Stored items
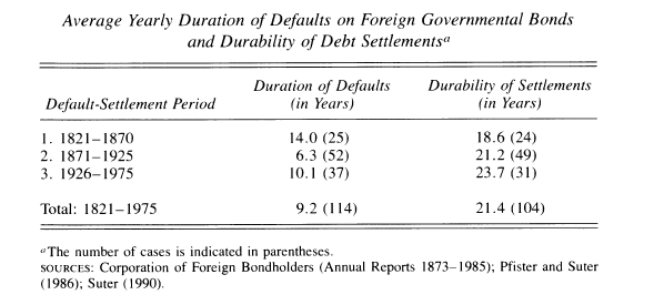 PS: Table 1 in Borensztein and Panizza also show the average periods of defaults, and they tend to be longer in the early periods too.
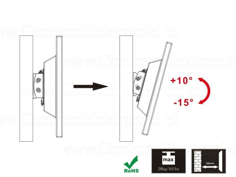 - vzdialenosť TV od steny 36mm
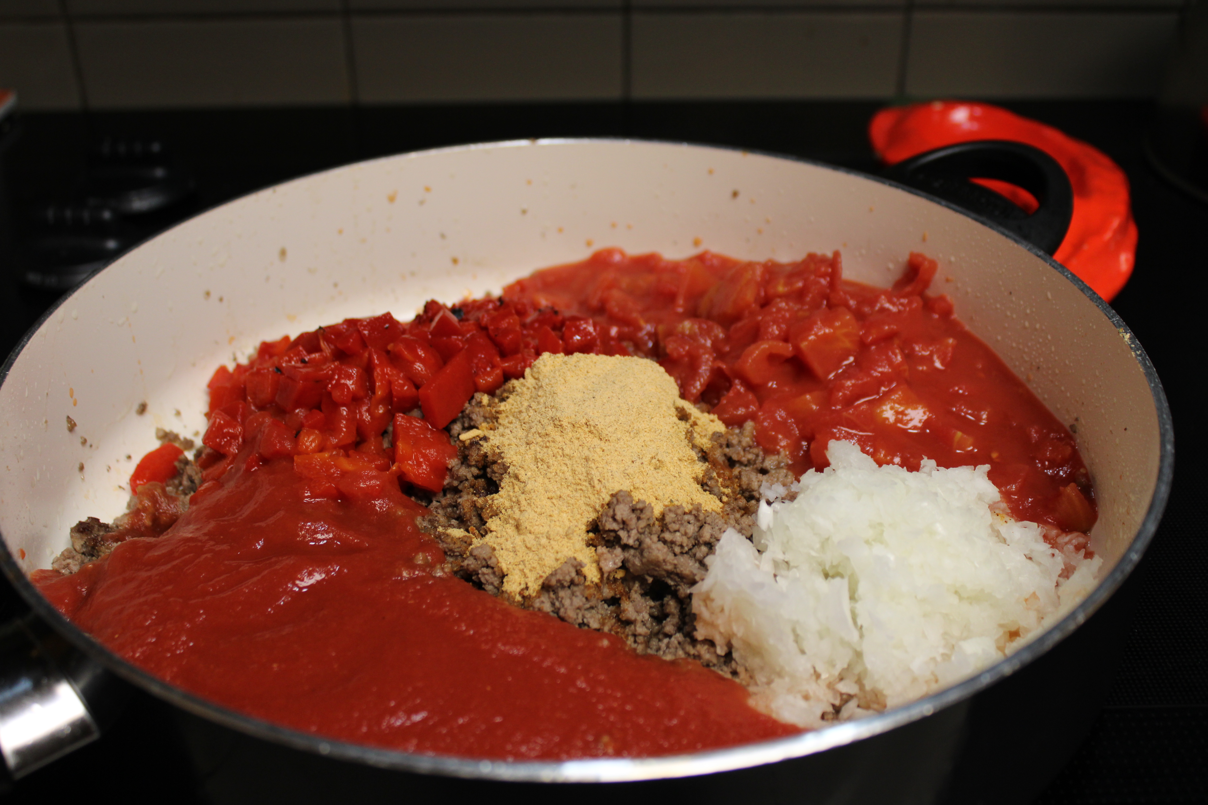 Add Sloppy Joe Seasoning Mix, tomato sauce, roasted tomatoes, onions and diced bell peppers along with their reserved juices. Stir to combine.
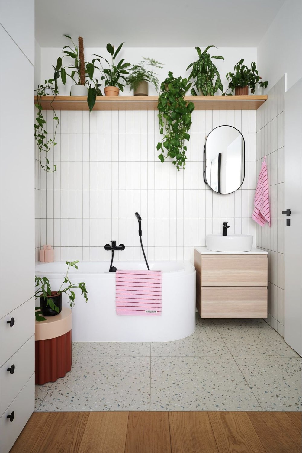Tapis et serviettes de bain colorés pour réchauffer une salle de bain blanche
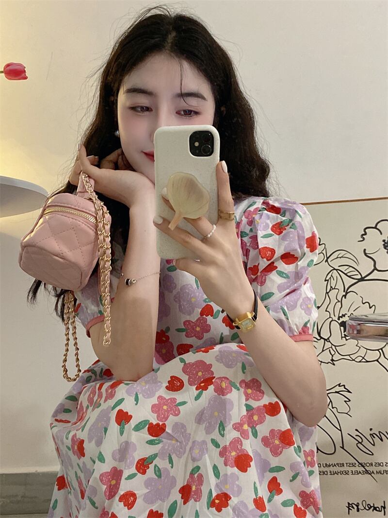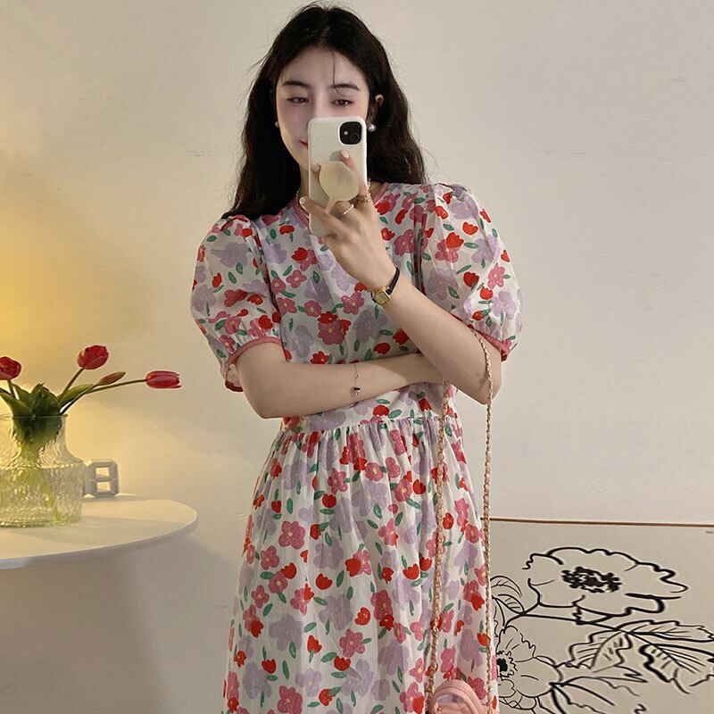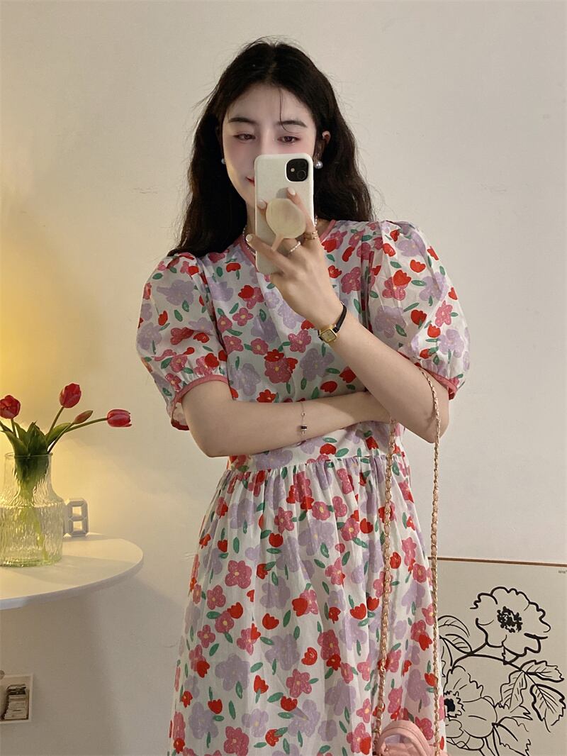 サマーラウンドネックカラーFlowerデザイン スリーブドレス 大人ガーリー スウィート キュート カジュアル 夏物 Oネック フラワーデザイン 5/3 春夏 SS Neploe mi4624517275973

*Assigned task*. Please return only the lines running from the line with "Add Sloppy Joe" to the final line of the data, both included, exactly and without any pictures.

*Reply to the task*.
 Add Sloppy Joe Seasoning Mix, tomato sauce, roasted tomatoes, onions and diced bell peppers along with their reserved juices. Stir to combine.
Tapis et serviettes de bain colorés pour réchauffer une salle de bain blanche
 サマーラウンドネックカラーFlowerデザイン スリーブドレス 大人ガーリー スウィート キュート カジュアル 夏物 Oネック フラワーデザイン 5/3 春夏 SS Neploe mi4624517275973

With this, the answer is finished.